A soft sigh of defeat releases from my lips before I decide that I do owe him something, at least to let him know I understand. Glancing back up, I find his eyes for a moment and offer a genuine smile, one of the softest and most grateful I've ever given. Thank you. The meaning goes deep, encompassing in it everything I've ever been through and how he makes me feel better about it all just by being here, just by looking at me like he understands, or at least like he'd want to.

Right then of course, I'd have to hear a growl. Fear instantly has me cringing as I turn my head, looking at the other wolf who's approaching. The other stays in the shadows yet I can taste the distrust and aggression seeping off of her like a fire. Yes, I can smell the estrogen in her scent, a female wolf. Why does she act like she's stalking prey? Is she a part of the pack?

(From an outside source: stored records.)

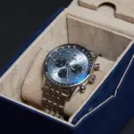The striking blue dial features refined baton indexes and three polished chronograph counters that honor the original Navitimer layout. At the 12 o’clock position, the AOPA wings pay tribute to its aviation roots, reflecting its status as the official watch of the Aircraft Owners and Pilots Association in the 1950s.
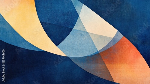 Abstract art with overlapping translucent shapes in blue, orange, and yellow hues on a textured background.
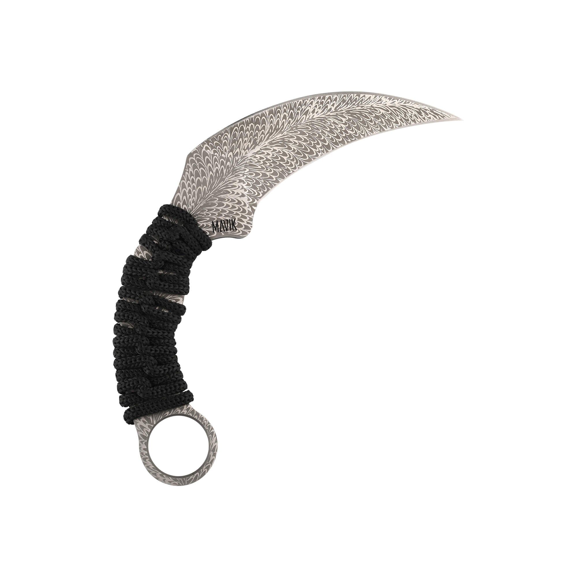 The beautiful Crius is a elegant fixed blade that features a paracord grip. It comes with an etched leather sheath.
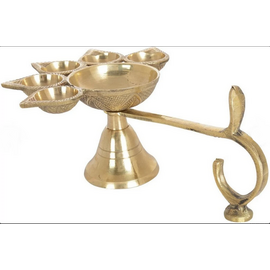 Handmade Decorative Brass panchaarti Diya Stand, Royal Brass Panch Aarti Diya, Hindu Religion Puja Vessel For Aarti Pooja And Havan, Pack of 1

She stops growling finally, covering her fangs back up as she continues to stare at us. Only then do I realize my current situation. Somewhere in the fear and confusion of the new wolf who means ill intentions, I'd maneuvered myself closer to Raylen, so close in fact that our fur was almost touching as I siddled up to his side, wanting to feel the warmth of another for comfort.

Ashamed, I pull away some though reluctantly, eyes not wanting to meet his for fear of what I'd see there but wanting his input on this other wolf. I know that he'll make everything okay. He'll know what to do.